R/Bioconductor Packages

Install all R packages needed for ENCODE downstream analysis. The install script at

scripts/install-r-packages.R

handles BiocManager setup, version locking, and category-based installation.

Core Genomic Infrastructure

These packages provide the foundation for all genomic data manipulation in R:

Package	Purpose
GenomicRanges	Interval arithmetic on genomic coordinates (Lawrence et al. 2013)
GenomicFeatures	Gene model and transcript annotation handling
rtracklayer	Import/export BED, bigWig, GFF, narrowPeak, broadPeak
IRanges	Integer range operations (underlying GenomicRanges)
GenomeInfoDb	Chromosome naming conventions (UCSC vs Ensembl vs NCBI)
BiocGenerics	Common S4 generics across Bioconductor
S4Vectors	S4 class infrastructure for Bioconductor objects
AnnotationDbi	Unified interface to annotation databases
biomaRt	Ensembl BioMart query interface for gene annotation (Durinck et al. 2009)

Differential Analysis

Package	Purpose
DESeq2	Differential gene expression with shrinkage estimators (Love et al. 2014)
edgeR	Differential expression using empirical Bayes (Robinson et al. 2010)
limma	Linear models for microarray and RNA-seq data (Ritchie et al. 2015)
DiffBind	Differential binding analysis for ChIP-seq/ATAC-seq peaks (Stark & Brown 2011)
ChIPQC	ChIP-seq quality control in R (Carroll et al. 2014)
chromVAR	Chromatin accessibility variation across single cells (Schep et al. 2017)

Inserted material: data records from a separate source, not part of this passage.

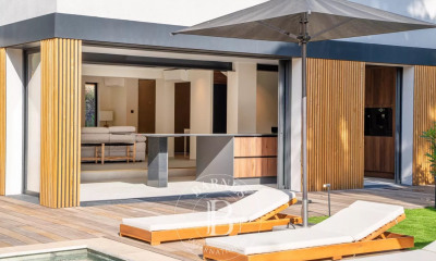 Rare- Gigaro- Propriété pieds dans l'eau avec accès privatif aux criques les plus intimistes et les plus turquoises du Golfe de St Tropez. Sise sur un beau terrain plutôt plat de 1890 m2, cette propriété des années 70, d'une surface habitable de 187m2, propose une belle base architecturale contemporaine pour une future rénovation ou un futur projet. Elle se compose: au RDC: d'un séjour-salle à manger, grande cuisine séparée, puis 1 chambre en suite avec salle de douche, 1 petite chambre, 1 WC, 1 salle de douche et une 3eme chambre avec douche. A l'étage, 1 chambre avec point d'eau et terrasse privative offrant une magnifique vue mer, puis une chambre parentale avec une 2ème petite chambre (enfant ou dressing) et 1 salle de bain, puis une 3ème chambre avec salle de bain. Bel espace autour d'une grande piscine traditionnelle de 11m x 5 m 1 garage et 3 à 4 places de parking pour voitures dans la propriété. Propriété située dans un domaine privé, à l'abri des regards et au calme absolu. Prix : 6990000.0 euros, Net vendeur : 6721000.0 euros , Honoraires charge acquéreur : 4.0 %TTC. Bien proposé par Solenne PETRE EI, agent commercial (RSAC 841720436)
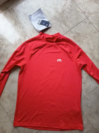 Camiseta de manga larga con cuello alto. El logo de la marca está en el pecho. - Color rojo vibrante. - Diseño de cuello alto. -Talla M/L
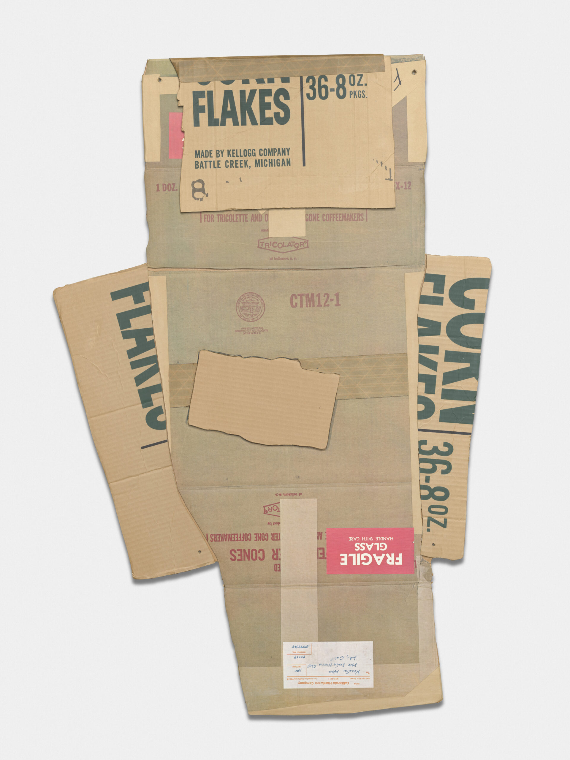 The “Cardbirds” series recreates flattened cardboard boxes that Rauschenberg found in dumpsters near La Cienega Boulevard in Los Angeles. In these works, the viewer can find birds, an anglerfish, even a door. Printed at artist workshop Gemini G.E.L., the series painstakingly recreates the labels, torn edges and folds of the original castoff boxes. The trompe l’oeil effect is so convincing that “Cardbirds” are often mistaken for actual cardboard boxes.
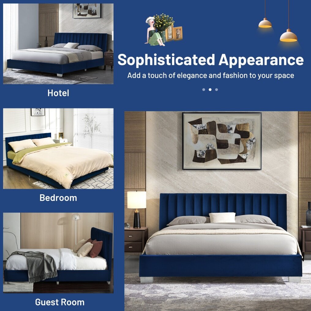 This bed frame with sturdy wooden slats brings a safe and comfortable sleeping environment for you and your guest. Thanks to the softly upholstered bed frame, you can enjoy your sweet dream after long time working. What's more, the high quality slats keep you away from annoying squeak sand give you a quiet rest environment. You can quickly finish the installation without adding. This minimalist designed bed frame can be a nice addition to your bedroom, guestroom and hotel.
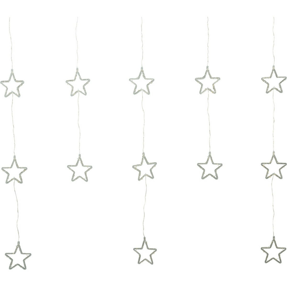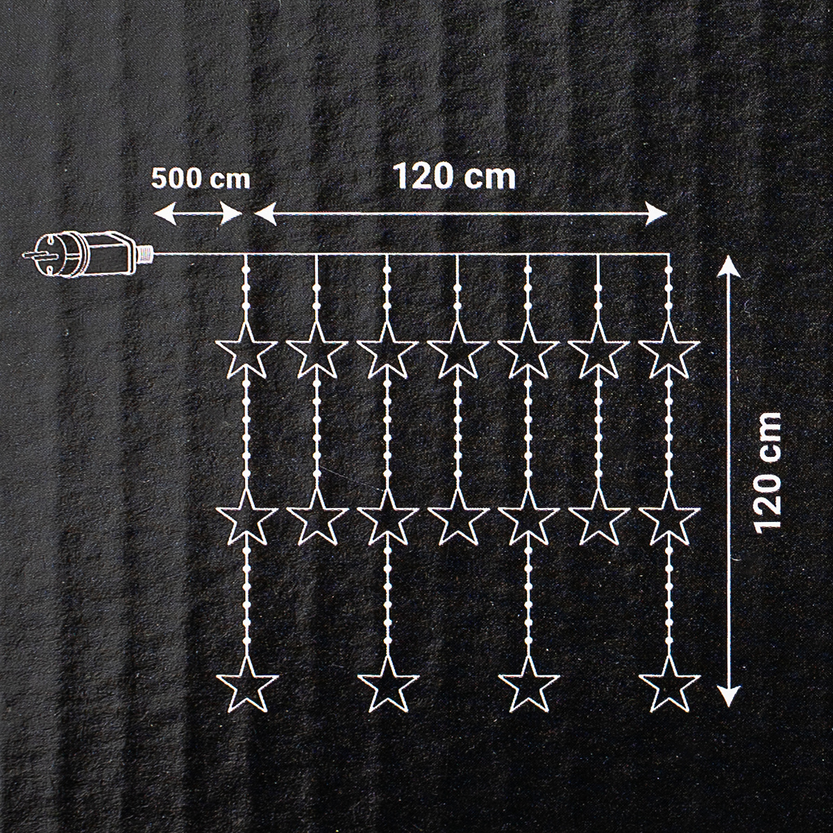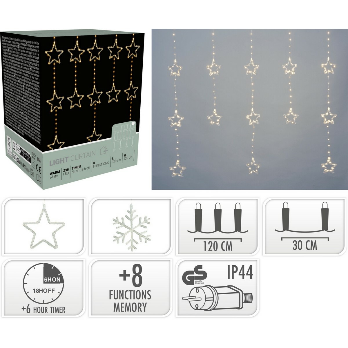 Světelný venkovní závěs s hvězdičkami rozzáří každý zimní večer. Krásná svítící venkovní i vnitřní dekorace pro dům i zahradu. Zavěsit jej můžete do okna, na zábradlí terasy, balkonů i na zahradní pergoly.Hlavní vlastnosti: Rozměr světelné části: 120 × 120 cm Počet LED: 235 micro LED Barva světla: teplá bílá Ochrana: IP44 – odolné proti vlhkosti a dešti Časovač: integrovaný 6/18 h (6 hodin svítí, 18 hodin pauza) 8 světelných funkcí – blikání, prolínání, stálé svícení aj. Délka přívodního kabelu: 5 m Vzdálenost mezi prameny: 30 cm Napájení: adaptér s časovačem (součástí balení) Balení: elegantní dárková krabice Rozměr balení: 130 × 115 × 160 mmVytvořte doma pohádkovou atmosféru a nechte své okolí zazářit.
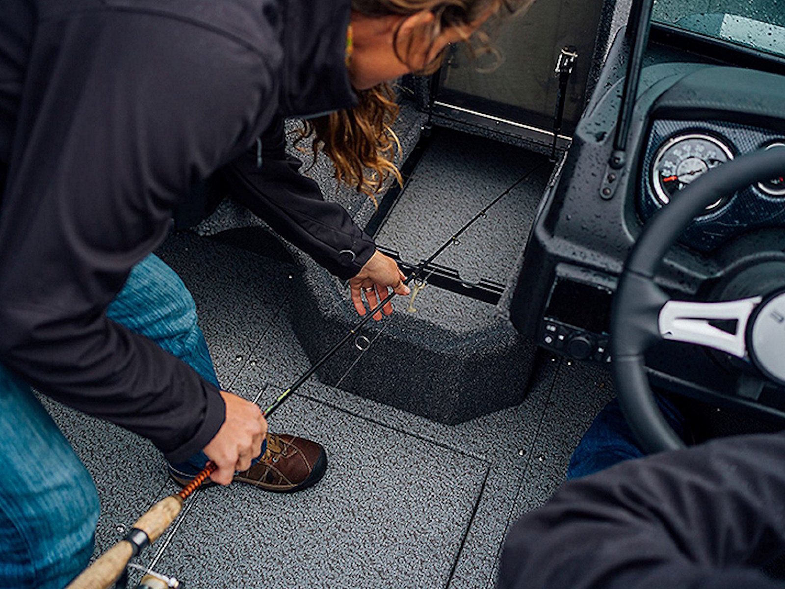 Lowe keeps your rod and reel collection safely secured in the locking center rod locker.

Annotation and Pathway Analysis

Package	Purpose
ChIPseeker	Peak annotation and visualization (Yu et al. 2015)
annotatr	Annotate genomic regions with CpG islands, genes, enhancers (Cavalcante & Sartor 2017)
clusterProfiler	Gene ontology and KEGG pathway enrichment (Yu et al. 2012)
org.Hs.eg.db	Human gene annotation database
org.Mm.eg.db	Mouse gene annotation database
TxDb.Hsapiens.UCSC.hg38.knownGene	Human transcript models (GRCh38)
TxDb.Mmusculus.UCSC.mm10.knownGene	Mouse transcript models (mm10)

Single-Cell Analysis

Package	Purpose
Seurat	Comprehensive single-cell RNA-seq analysis (Hao et al. 2021)
Signac	Single-cell chromatin accessibility (ATAC-seq) analysis (Stuart et al. 2021)
SingleCellExperiment	Core Bioconductor container for single-cell data
scater	Single-cell QC, normalization, visualization (McCarthy et al. 2017)
scran	Single-cell normalization and feature selection (Lun et al. 2016)

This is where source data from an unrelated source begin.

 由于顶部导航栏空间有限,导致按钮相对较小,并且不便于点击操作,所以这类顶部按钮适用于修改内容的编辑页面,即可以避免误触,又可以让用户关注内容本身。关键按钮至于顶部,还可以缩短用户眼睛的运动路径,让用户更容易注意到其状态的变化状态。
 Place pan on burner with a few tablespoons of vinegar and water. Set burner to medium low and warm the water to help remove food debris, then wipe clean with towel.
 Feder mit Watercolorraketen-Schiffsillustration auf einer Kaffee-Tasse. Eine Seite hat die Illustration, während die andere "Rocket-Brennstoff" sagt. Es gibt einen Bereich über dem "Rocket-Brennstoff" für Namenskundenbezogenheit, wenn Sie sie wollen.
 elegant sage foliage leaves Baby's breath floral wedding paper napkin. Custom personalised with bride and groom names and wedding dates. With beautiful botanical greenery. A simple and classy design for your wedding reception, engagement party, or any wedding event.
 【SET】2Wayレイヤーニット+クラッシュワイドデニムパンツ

Bulk-to-Single-Cell Deconvolution

Package	Purpose
BayesPrism	Bayesian deconvolution with scRNA-seq reference (Chu et al. 2022)
InstaPrism	Fast approximation of BayesPrism for large datasets (Wang et al. 2024)
MuSiC_deconv	Multi-Subject Single Cell deconvolution (Wang et al. 2019)
DWLS	Dampened Weighted Least Squares deconvolution (Tsoucas et al. 2019)
BisqueRNA	Reference-based and marker-based deconvolution (Jew et al. 2020)

DNA Methylation Analysis

Package	Purpose
DMRcate	Differentially methylated region detection (Peters et al. 2021)
bsseq	Bisulfite sequencing data handling and smoothing (Hansen et al. 2012)
methylKit	Methylation analysis from bisulfite sequencing (Akalin et al. 2012)

Visualization

Package	Purpose
ComplexHeatmap	Publication-quality heatmaps with annotations (Gu et al. 2016)
EnhancedVolcano	Volcano plots for differential expression (Blighe et al. 2018)
Gviz	Genome browser-style track visualization (Hahne & Ivanek 2016)
ggplot2	Grammar of graphics for all custom plots (Wickham 2016)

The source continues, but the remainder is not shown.